Mum was in the kitchen, cooking. She had also put a pot of water on fire, but this was outside. Unknown to her, her baby had walked out of the house to the backyard and poured the steaming water on her body. No whiff. No scream. No cry. Nothing. It was strange. How could a baby pour a hot water on her body and not scream? Minutes later, my mum walked out and saw her baby. She was flustered but managed to rush her to UCH. It was so bad that when the doctors attempted to treat her, the cloth she wore had meshed with her skin; in removing it, her skin was detached from her body too. She didn’t survive it. As she told me the story, with beards of tears clouding her eyes, she mentioned how my late sister was my dad’s favourite child. At two years old, she was destined for great things. She was very intelligent and beautiful. She was so self-assured and bold, making interventions that betrayed her very young age. But they weren’t going to grow up to be a witness to her evolving. Instead, they buried her.
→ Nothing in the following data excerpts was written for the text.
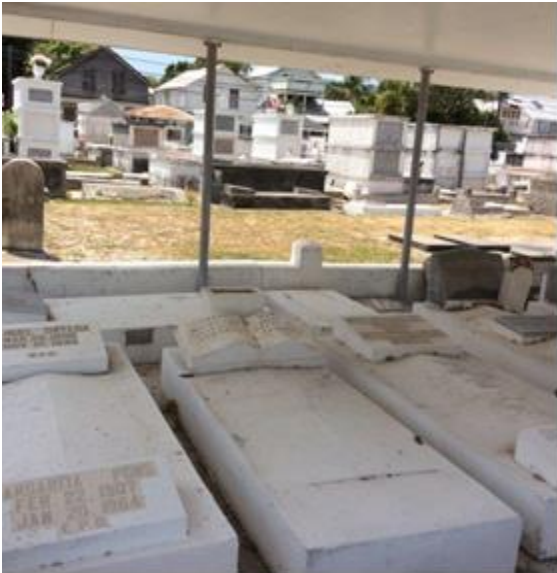
This departed soul was enjoying a book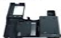
Upper Deck-Center. 1P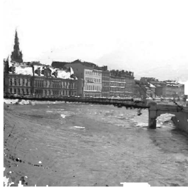
The synthesized & filtered image.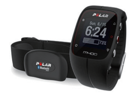
Fig. 4. (Color online) Polar M400, H7 device used for HR measurements.

The resting heart rate (HR<sub>r</sub>, bpm), working heart rate (HR<sub>w</sub>, bpm), and maximum heart rate (HR<sub>max</sub>, bpm) were measured to analyze IHR (%) and HRR (%) as follows:<sup>(3,21)</sup>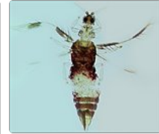
Scolothrips asura female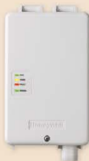
Internet and Digital Cellular Communicators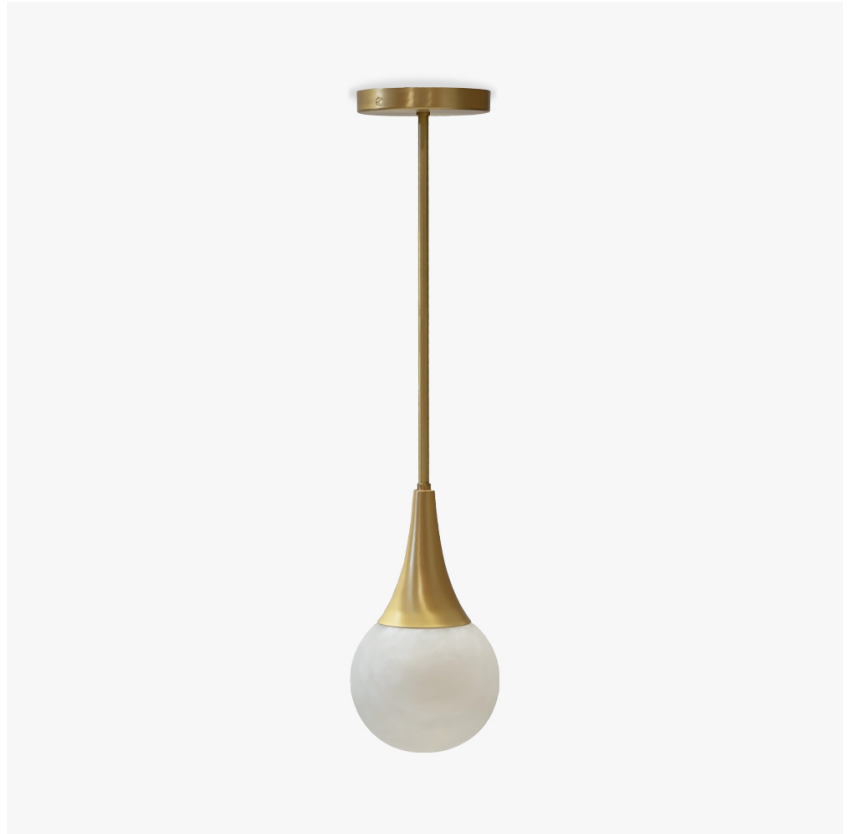
CL808-SM in Alabaster and Brushed Gold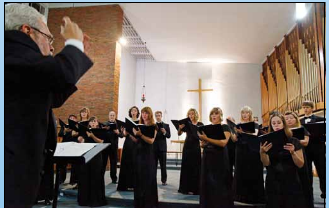
Fresno Pacific University Concert Choir performs at St. Peter's Anglican Church in Takapuna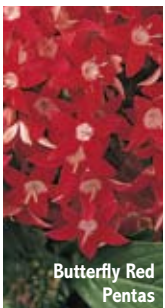
Butterfly Red Pentas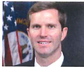
Andy Beshear, KY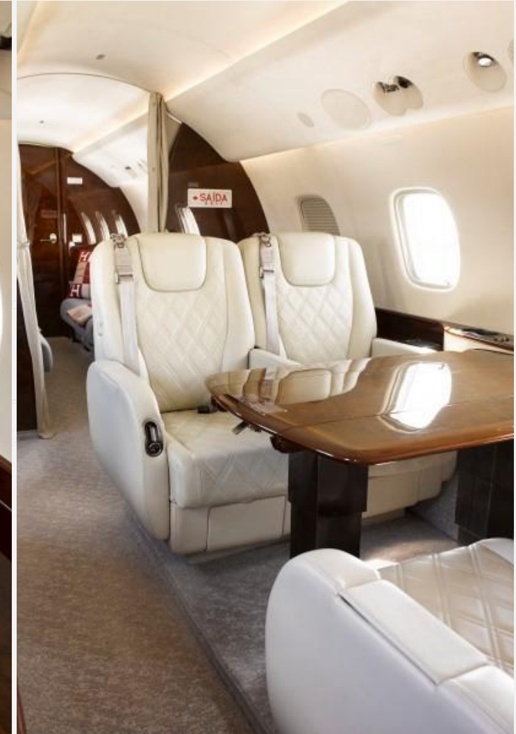
2012 Embraer Legacy 650

When people see my mum, whose young, innocent face and beauty defy her aging body, or my dad, who still exudes strength, courage and great knowledge, they do not see their painful pasts. Some don’t care. They do not know what they had gone through. They do not care how they survived a marriage that grew out of nothing. They do not know how my dad battled his green-bottle addiction, hehehe and how in the company of his drunken friend, they rode a bike from Ibadan to Fiditi, half asleep through the journey. They did not see the silly fights and the extended family’s cultural wahala, with all their apparent nosey tendencies. They did not know how my dad self-sponsored himself through education. While others were in school, he was on the farm. Yet he picked examination forms, read, tutored himself and still passed. They didn’t know he was sent away from his home, his ‘compound’, at a tender age, because he confessed to a faith, to a certain Jesus, he knew little or nothing about. They didn’t see how my dad and mum embraced certain disciplines so they could get more education. They did not know how mum kept faith with this man despite his complexities and contradictions. Perhaps she saw what others didn’t see. All they see is how they raised godly children, sent them abroad, bought cars, build their own legacy, etc. They do not care how many fires have burnt them. They do not care about their current struggles and hopes. They do not want to learn from their mistakes and find wisdom. They do not know that even now more work is being poured into their shared love to get more worth. Life isn’t always juicy alone. I remembered how a pastor, in a church meeting, scoffed at my dad’s sympathetic speech towards some certain pastors struggling through myriads of negative experiences. In his little mental sky, my dad can never understand poverty, pain or tragedy. I only shook my head.
Sometimes I do see certain character weaknesses find expression from a troubled past; but I keep trusting the work of the Holy Spirit and God’s eternal promise to do a new thing. But I challenge you to know that some, perhaps many, successful stories (which for believers have nothing to do with how much money you have) today had a history of pains and tragedies connected to it. Many times, when some hate and envy other’s present, successful experiences, which is yet a slice of the greater things they are positioned for in the future, what they do not know is that the silences about those people’s pasts are what have made their present louder.
They had simply learnt to live again. Maybe you should too.